Reforminer: Intervensi Presiden Dibutuhkan Untuk Bioremediasi Chevron

id reforminer intervensi, presiden dibutuhkan, untuk bioremediasi chevron

Pekanbaru, (Antarariau.com) - Lembaga Kajian untuk Reformasi Pertambangan, Energi, dan Lingkungan Hidup (ReforMiner Institute) menyatakan intervensi Presiden Susilo Bambang Yudhoyono (SBY) sangat dibutuhkan untuk meluruskan kasus "bioremediasi" Chevron.

"Kasus ini merupakan kasus yang sangat berdampak pada investasi minyak dan gas nasional di kemudian hari," kata Wakil Direktur ReforMiner Institute, Komaidi Notonegoro, kepada Antara usai menjadi pembicara pada Diskusi Ilmiah yang digelar Badan Eksekutif Mahasiswa (BEM) Universitas Riau di Pekanbaru, Senin.

Kasus dugaan korupsi proyek pemulihan tanah atau lahan yang tercemar limbah minyak bumi (bioremediasi) di areal kerja PT Chevron Pasiic Indonesia (CPI) Wilayah Riau ini sebelumnya telah menjerat sebanyak tujuh orang tersangka.

Lima di antaranya yakni dua kontraktor pemenang tender atas proyek tersebut dan tiga karyawan Chevron telah menjadi terdakwa di Pengadilan Negeri Jakarta Selatan.

Sementara dua lagi juga karyawan Chevron satu masih berada di Amerika Serikat, dan satu lainnya atas nama Bachtiar Abdul Fattah dalam tahap pelengkapan berkas untuk dilimpahkan ke pengadilan.

Bachtiar sebelumnya pada tahun 2009 hingga 2011 sempat menjabat sebagai General Manager (GM) Sumatera Light South (SLS) Chevron di Minas, Kabupaten Siak, Riau. Kemudian pada 2011 hingga saat ini, dia menjabat sebagai "Vice President Supply Chain Management" (SCM) pada perusahaan yang sama.

Menurut Komaidi, kasis "bioremediasi" Chevron yang ditangani pihak Kejaksaan Agung (Kejagung) merupakan bentuk pemaksaan penegakan hukum.

Hal demikian menurut dia, akan berdampak pada investasi migas nasional dikemudian hari, karena hal itu merupakan ketidakpastian aturan main.

"Kalau saya adalah seorang Kontraktor Kontrak Kerja Sama (KKKS), saya akan merealokasi investasi tidak lagi pada dunia migas. Karena resikonya sangat besar dan ini tidak hanya mendatangkan kerugian besar bagi perusahaan, namun juga menjadi citra miring yang akan mempengaruhi seluruh investasi tidak hanya di Indonesia," katanya.

Menurut dia, KKKS yang sesungguhnya juga akan berfikiran sama untuk menghindari adanya kecurangan aturan main itu.

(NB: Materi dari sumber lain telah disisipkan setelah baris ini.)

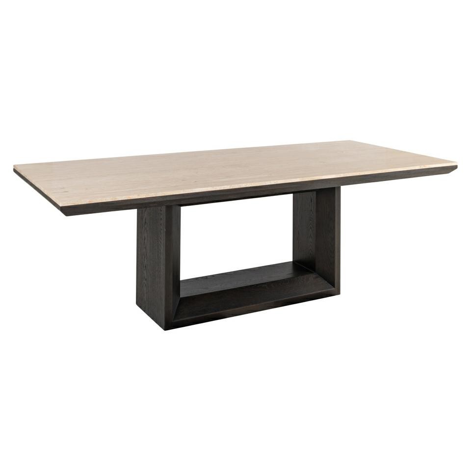 Imponujący blat z trawertynu o grubości 6 cm nadaje całości elegancji i ponadczasowego charakteru.
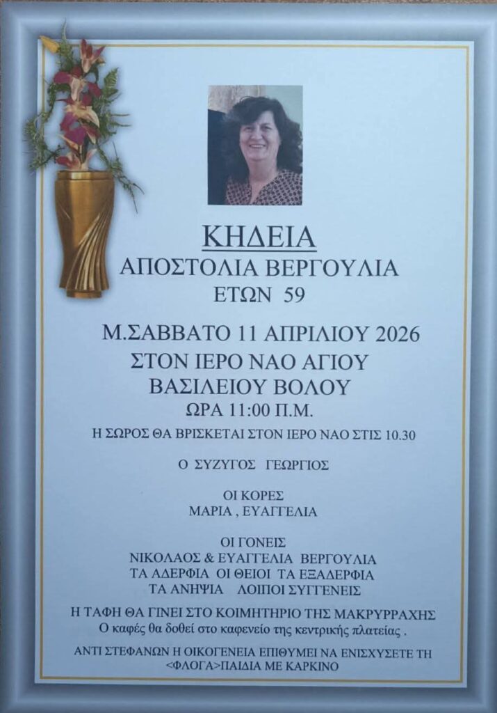 Η Αποστολία Βεργούλια ήταν δασκάλα στο 24ο Δημοτικό Σχολείο του Βόλου και ενεργό μέλος του Δ.Σ του Συλλόγου Απανταχού Μακρυραχιωτών “Γεώργιος Κανισκέρης”. Το πρωί ένιωσε έντονη αδιαθεσία στο κεφάλι και μεταφέρθηκε άμεσα από τους οικείους της στο Αχιλλοπούλειο. Μετά την αξονική τομογραφία στην οποία υποβλήθηκε κρίθηκε άμεση η ανάγκη από τους γιατρούς διακομιδής της στο Πανεπιστημιακό Νοσοκομείο όπου, φαίνεται ότι η κατάσταση της υγείας της χειροτέρεψε, με αποτέλεσμα να διασωληνωθεί και λίγες ώρες αργότερα να καταλήξει, αφήνοντας πίσω τις δύο κόρες της Μαρία και Ευαγγελία, τον σύζυγό της Γιώργο Γιαννούλη συνταξιούχο αστυνομικό, τους γονείς, τον αδερφό της και τους λοιπούς συγγενείς της.
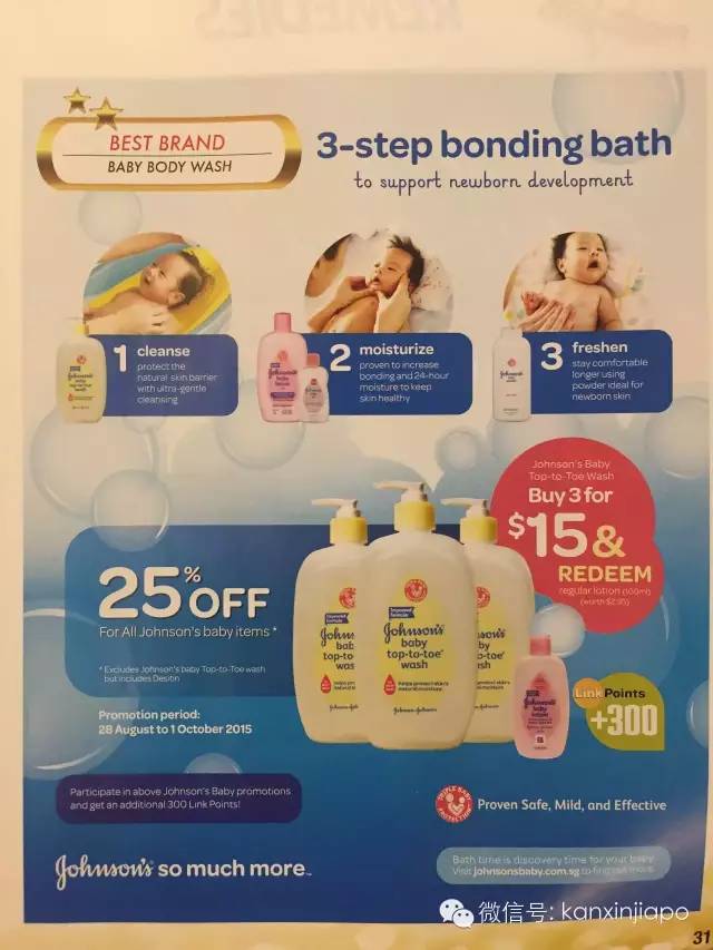 上榜折扣價:嬰兒頭到腳沐浴產(chǎn)品3瓶15新幣還送乳液,買25新幣強生旗下產(chǎn)品送5新幣強生旗下產(chǎn)品現(xiàn)金券
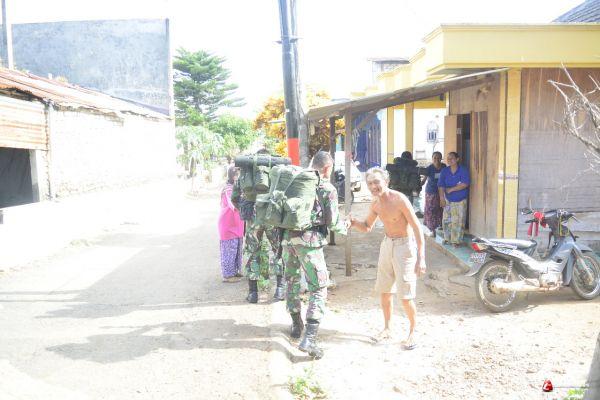 masih menggunakan rangsel besar Pratu kholil bersama anggota satgas lainnya menyapa setiap warga tebluru yang ada.

Ada dua pilihan, demikian Komaidi, antara KKKS akan melakukan pengalihan investasi dari migas ke proyek non migas, atau tetap berinvestasi migas, namun negara tujuannya bukan lagi Indoensia.

Fenomena itu menurut dia sudah sangat terasa, bahkan sebelum mencuatnya kasus "bioremediasi" Chevron, dimana dana untuk eksplorasi dan investasi migas terus mengalami pemerosotan cukup tajam.

"Apalagi dengan munculnya kasus yang tidak seharusnya menjadi kasus ini, KKKS tentunya akan berfikir 'seribu kali' untuk menanamkan investasinya di negara ini. Maka dari itu, sudah saatnya memang Presiden SBY mengintervensi kebijakan hukum atas kasus 'bioremediasi'," katanya.

Pada kesempatan sama, Kepala Satuan Kerja Khusus Pelaksana Kegiatan Usaha Hulu Minyak dan Gas Bumi (SKK Migas) wilayah kerja Sumbagut, Agung P Budiono, mengatakan, kasus bioremediasi merupakan bentuk ketidakpastian hukum oleh KKKS.

"Kasus ini sebenarnya adalah kasus perdata, namun dibawa hingga kepidana. Karena memang pada dasarnya, tidak ada nilai kerugian negaranya," katanya.

Hal demikian menurut dia, tentunya sangat berdampak pada dunia migas nasional, hingga diharapkan dapat segera diselesaikan dengan seadil-adilnya.

"Kalau terus berlatur-larut, bisa-bisa pihak investor migas akan mengalihkan 'pandangan' mereka ke negra tujuan lainnya. Dapat dijamin, hal itu akan mempengaruhi produksi migas nasional," katanya.